What you return must match, exactly, the lines running from the one containing "Székely Csaba legfrissebb" to the end of the data, both included, and must contain no pictures.

___ Supplied data

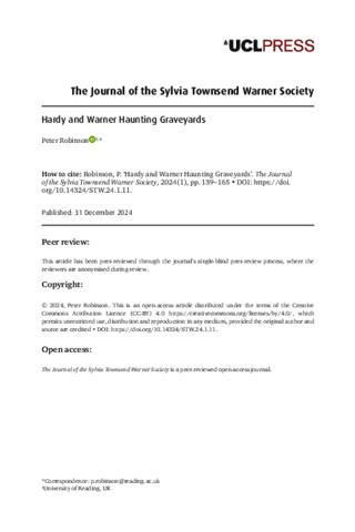 Robinson, P. orcid id iconORCID: https://orcid.org/0000-0002-7903-5438 (2024) Hardy and Warner haunting graveyards. The Journal of the Sylvia Townsend Warner Society, 24 (1). pp. 139-165. ISSN 2398-0605 doi: 10.14324/STW.24.1.11
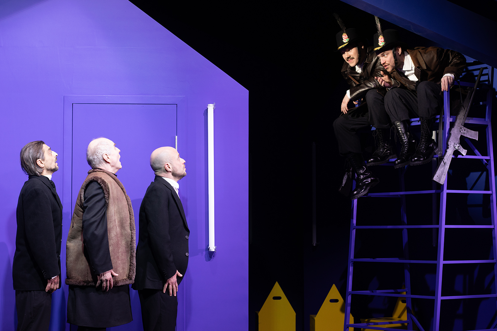 Székely Csaba legfrissebb történelmi szatírája sok humorral beszél a különböző identitások sokszor értelmetlen, érthetetlen harcáról. Arról, hogy hogyan címkézzük fel a másikat, hogyan összegződik az emberek közti személyes ellenszenv és a fentről irányított gyűlöletkeltés. Hogy milyen az, amikor a hatalom dönt arról, hogy ki lehet egy társadalom teljes értékű tagja, és kit kell kivetni magunk közül. És arról, hogy hogyan kérdőjeleződik meg az alapvetés, hogy az ember az ember. Még ha a saját szomszédainkról is van szó.
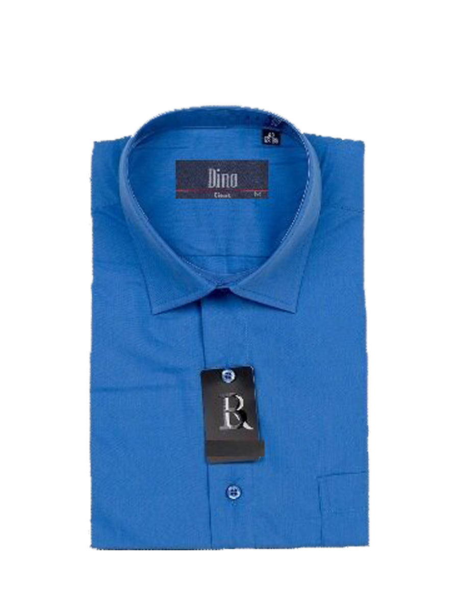 Классическая мужская рубашка с длинным рукавом. Крой полу приталенный. Цвет синий яркий
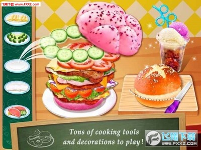 5、可尝试许许多多的食材以及装饰:水果、糖果、糖屑、牛奶、面粉、盐、白糖、黄油、面粉、酱汁、奶酪、蔬菜、肉类、玉米粉、汉堡面包、芝麻、米、水、冰块、冰淇淋、汽水等等。

______

= Written reply =
 Székely Csaba legfrissebb történelmi szatírája sok humorral beszél a különböző identitások sokszor értelmetlen, érthetetlen harcáról. Arról, hogy hogyan címkézzük fel a másikat, hogyan összegződik az emberek közti személyes ellenszenv és a fentről irányított gyűlöletkeltés. Hogy milyen az, amikor a hatalom dönt arról, hogy ki lehet egy társadalom teljes értékű tagja, és kit kell kivetni magunk közül. És arról, hogy hogyan kérdőjeleződik meg az alapvetés, hogy az ember az ember. Még ha a saját szomszédainkról is van szó.
 Классическая мужская рубашка с длинным рукавом. Крой полу приталенный. Цвет синий яркий
 5、可尝试许许多多的食材以及装饰:水果、糖果、糖屑、牛奶、面粉、盐、白糖、黄油、面粉、酱汁、奶酪、蔬菜、肉类、玉米粉、汉堡面包、芝麻、米、水、冰块、冰淇淋、汽水等等。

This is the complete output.